First Abu Dhabi Bank (FAB), the largest bank in the UAE by market capitalisation, announced a net profit of AED 5.13 billion (USD 1.39 billion) for the first quarter of 2025 on Tuesday, marking a 23% year-on-year increase.
This result exceeded the average analysts’ forecast of AED 4.24 billion, based on data from LSEG.
“There was a strong performance across various segments, with earnings uplift driven by improved fee income and better asset quality,” stated Chiradeep Ghosh, a banking analyst at Bahrain-based SICO Bank, speaking to Zawya.

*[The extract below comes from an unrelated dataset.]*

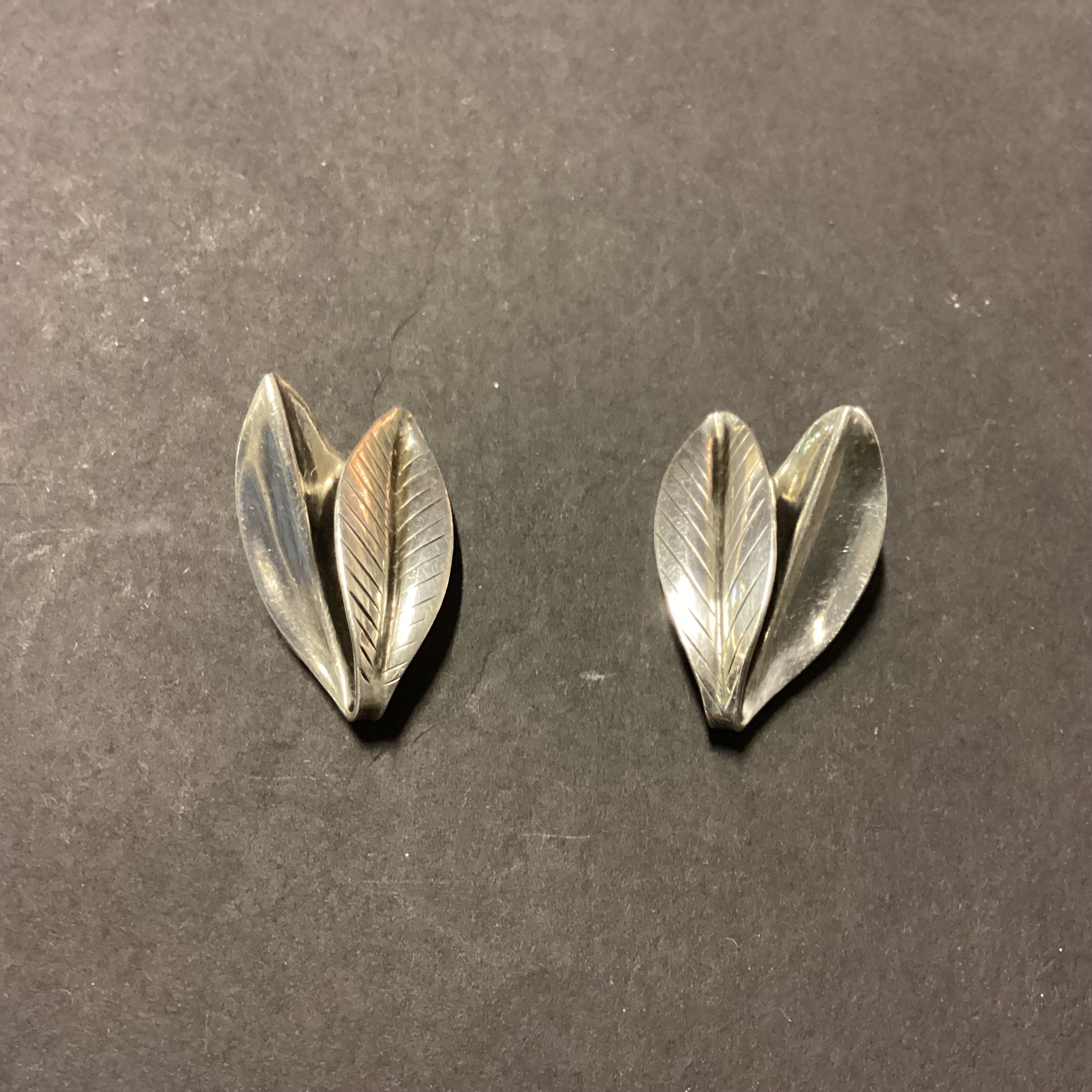 Vintage Øreclips sterling sølv i form af to sammensatte blade med

Earnings per share (EPS) stood at AED 0.44, compared to AED 0.35 during the same period last year.
Operating income rose by 11% to AED 8.81 billion, “largely counterbalancing the effects of the newly implemented UAE corporate tax,” according to Lars Kramer, Group Chief Financial Officer at FAB.

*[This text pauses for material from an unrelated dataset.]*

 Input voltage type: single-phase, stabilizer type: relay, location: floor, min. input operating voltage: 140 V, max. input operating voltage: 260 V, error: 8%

Year-on-year, loans and deposits increased by 8% and 4% respectively, while impairment charges declined by 29%.
Net interest income saw a 3% increase to AED 5 billion, whereas non-interest income surged by 22% to AED 3.8 billion. Net income from fees and commissions climbed to AED 1.20 billion, up from AED 981 million in the corresponding period last year.
The bank’s total assets grew by 6% year-on-year, surpassing the AED 1.3 trillion mark for the first time.